WW2 Women Industrial Workers

• JESSICA FLEETWOOD •

The U.S. entered World War II after Japanese bombers attacked Pearl Harbor in Hawaii, on December 7, 1941. Shortly thereafter, President Franklin Roosevelt asked all citizens to join the war effort to build a ”Great Arsenal of Democracy.” Roosevelt assured the nation that this unified effort to build ships and airplanes would out produce and overwhelm the enemy.

Labor shortages quickly emerged when all able-bodied men enlisted as soldiers. Yet there was widespread opposition to hiring women or minorities. Companies began nationwide recruitment campaigns to find draft-exempt men. They lowered the age limits to hire male high school students. It wasn’t enough. The aircraft industry (which was not unionized at the time) led the way immediately after Pearl Harbor, hiring 60 women whose husbands had died in the attack.

Even before Pearl Harbor, wartime manufacturing was gearing up to help Great Britain fight the Axis with the Lend-Lease Program. Incensed that these factories would not hire African American workers, Chicago-based union organizer Asa Philip Randolph (along with the NAACP and the National Urban League) told Roosevelt that 100,000 minorities would march on Washington in the summer of 1941 if the president did not support equal opportunity. In June 1941, Roosevelt issued Executive Order 8802 banning racial discrimination in defense plants.

Thus began the greatest internal migration in the nation’s history. More than 1.2 million Southern black workers migrated to Western and Northern cities for industrial defense jobs. More than 46,000 African Americans moved to the Bay Area between 1941 and 1945.

No city in the U.S. was more affected than Richmond, a small town with a population of 23,000 people before the war started. By war’s end, the city grew to 100,000. Industry grew virtually overnight as well. In response to the war, industrialist Henry J. Kaiser decided to build four shipyards from scratch in Richmond. Eventually, the Richmond Kaiser shipyards employed 90,000 people. Nearly one-third were women.

Kaiser grew famous for introducing mass-production techniques, reducing the fourteen-month time period it took to build a cargo ship to eight weeks. Workers at the four Richmond Kaiser shipyards built 747 ships for the United States Navy and Merchant Marines, outperforming every other shipyard in the country.

The sight of women donning overalls and hoisting heavy equipment inspired the 1942 song ”Rosie the Riveter,” a nickname for female workers that spread across the country. Northern California newspapers referred to their own shipyard-working women as ”Wendy the Welder.”

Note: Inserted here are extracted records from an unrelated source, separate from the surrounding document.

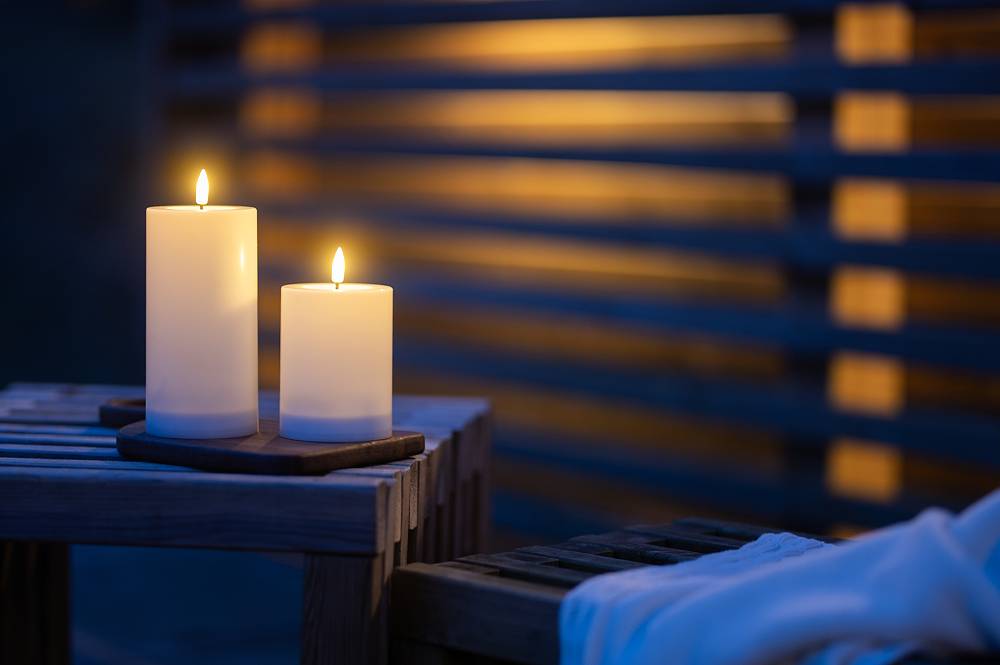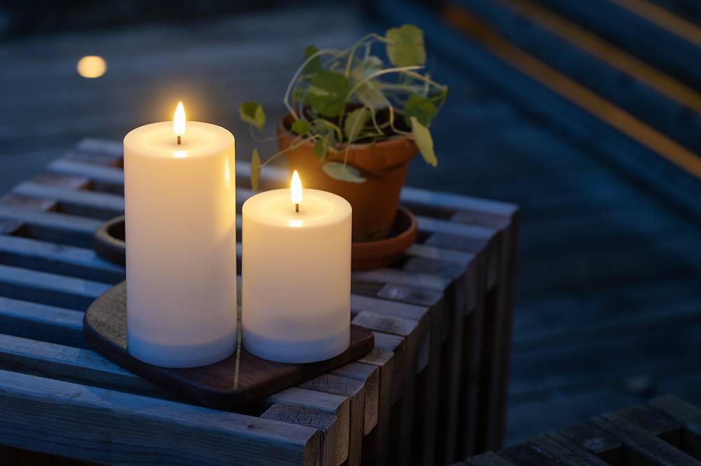 Vitt plastljus som passar bra att lysa upp i en lykta eller som dekoration på en uteplats eller en balkong.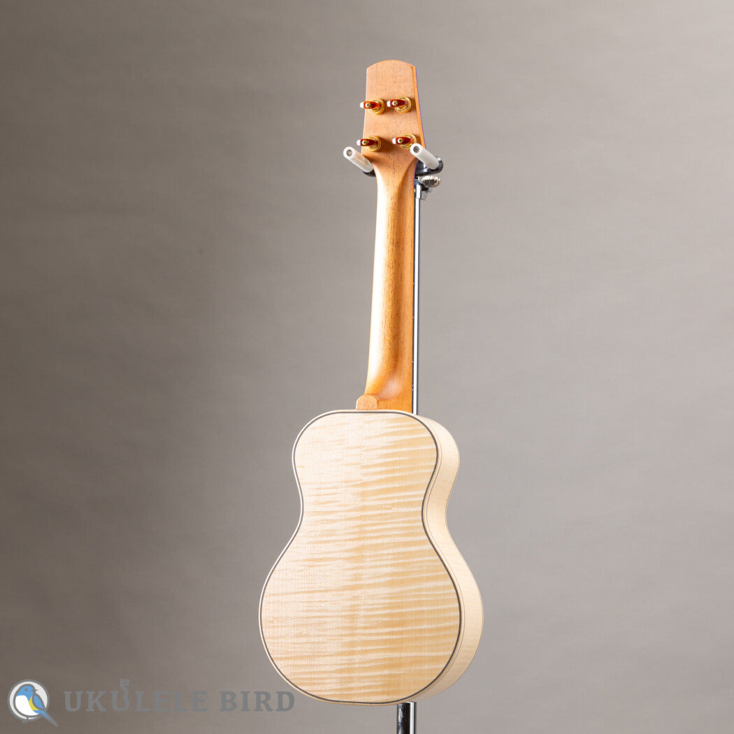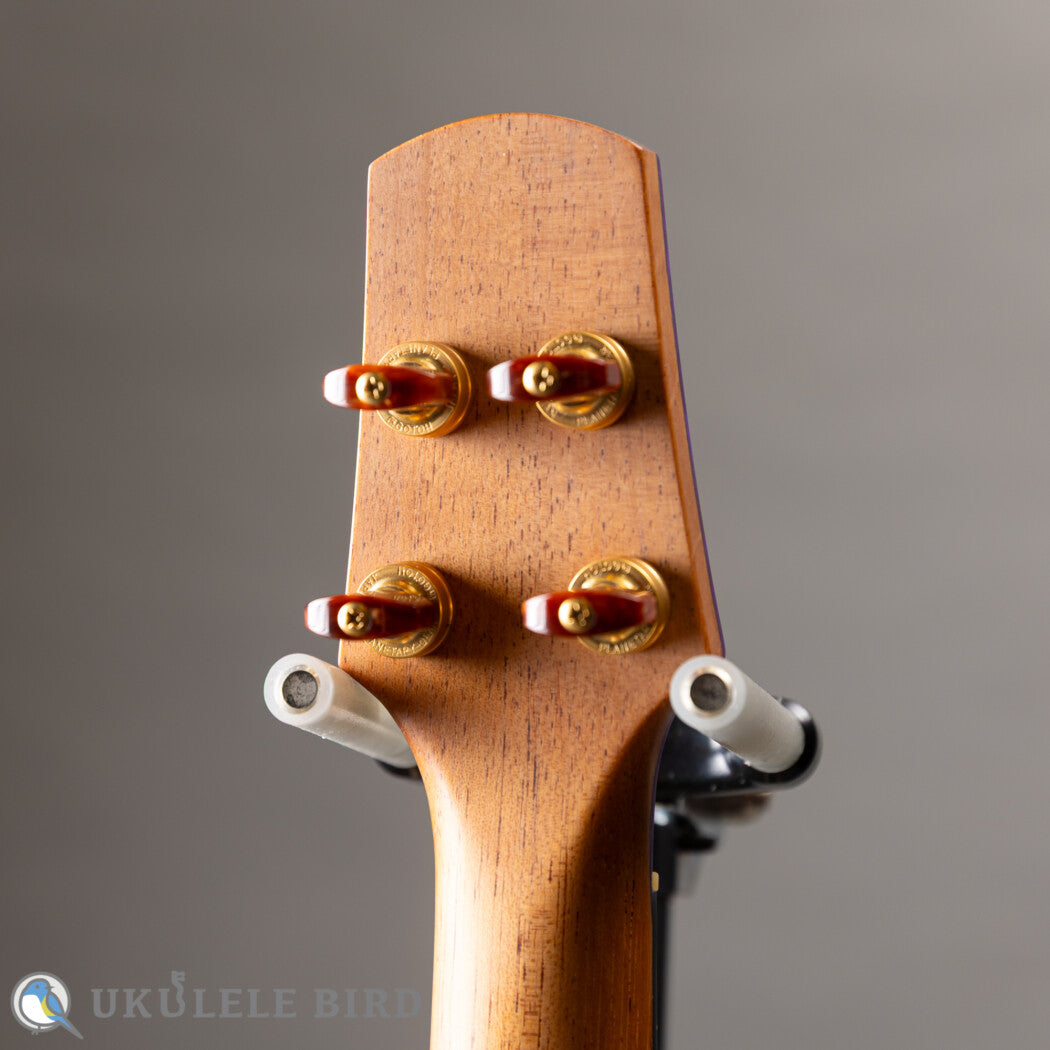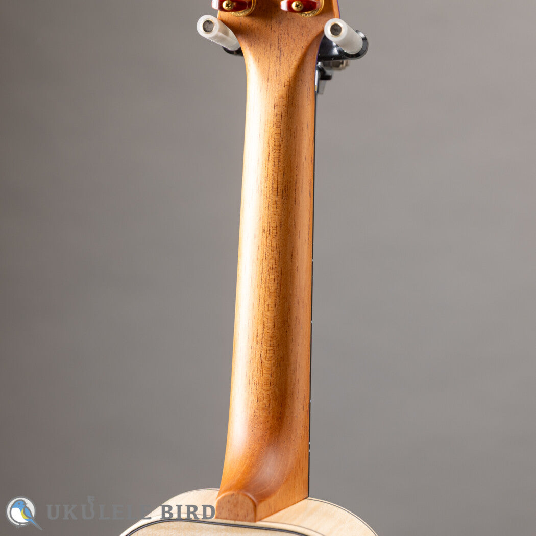 宝石のアメジストをイメージして作られたイングルマンスプルース x ヨーロピアンメイプルのウクレレバード5周年記念モデルコンサートウクレレ!ポジションマークには天然石のアメジストが入れられています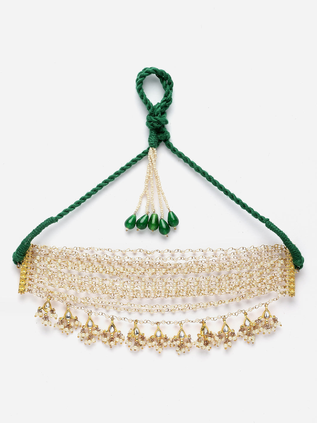 Pearl Looped Chokasr With Handmade Dori; Category Of Jewellery Is Necklace; Sub Category Is Chokar; Ideal For Women; Color Is Green, Peach, Purple, Gold, Cream, White; Gemstones Used - Kundan, Pearls, Natural Stones; Plating Is Gold-Plated; Base Metal Is Alloy; Other Material Used - Adjustable Dori; Size Is Freesize; Adjustable - Yes; Weight Is 50 Gms; Mesaurements - Length Of Necklace =48 Cm; Width Of Necklace = 21 Cm; Adjustable - Yes; Content 1 Necklace
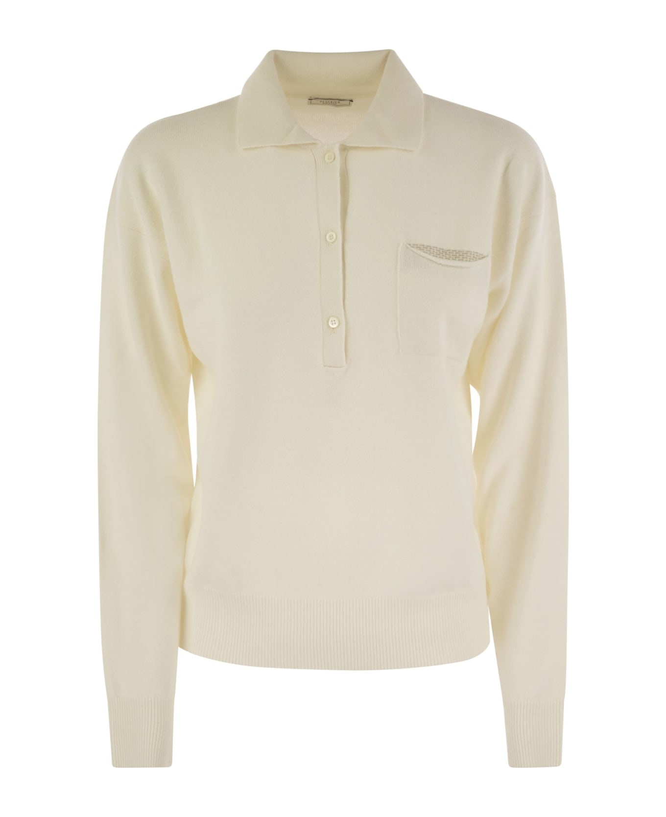 The timeless elegance of the virgin wool, silk and cashmere tricot knit is characterized by a refined polo collar. A patch pocket on the chest, embellished with a Punto Luce detail, adds a bright touch to the design. The regular fit lends a graceful note. - Polo neck - Long sleeves - Patch pocket on chest with spotlight detail - Regular fit - Three-button closure DESIGNER ID: A99530F12B9018 B03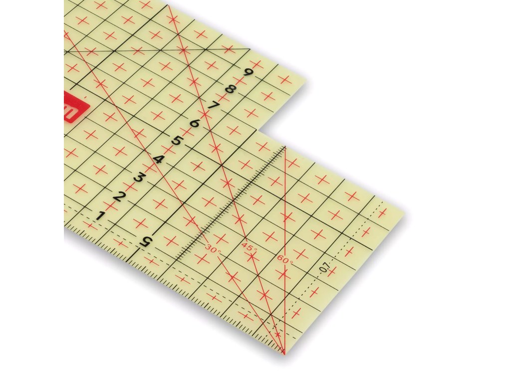 Měření, značení a žehlení v jednom kroku šetří čas a úsilí. Tento proces nejenže zjednodušuje práci, ale také zajišťuje konzistentní a přesné výsledky bez zbytečných chyb. Měřítko je také vybaveno úhlovými značkami 30°, 45° a 60° a rádiusy 2 cm a 3 cm, které vám umožní snadnou a přesnou přípravu různých typů švů. Délky 20 x 10 cm a pravoúhlý L-tvarovaný výřez zajišťují, že každý detail bude perfektně odpovídat vašim požadavkům.

After 1941, shipyards and factories operated around the clock, with workers organized into one of three eight-hour shifts. The last one from midnight to morning was called the swing shift. Recreation changed as well. Movie theaters, nightclubs, and restaurants stayed open as well. Companies instituted cafeterias and on-site food service programs. Kaiser built on-site day care centers and health maintenance organization for his employees.

By 1945, more than 18 million U.S. women worked in defense industries and support services. Shipyards in the San Francisco Bay Area employed more than 240,000 people. By wars end these shipyards built 4,600 ships-nearly half of all the cargo vessels and warships delivered for the war effort.On a plaque overlooking the Golden Gate Bridge at the Rosie the Riveter Memorial in Richmond’s Marina Bay, a shipyard worker is quoted, ”You must tell your children, putting modesty aside, that without us, without women, there would have been no spring in 1945.”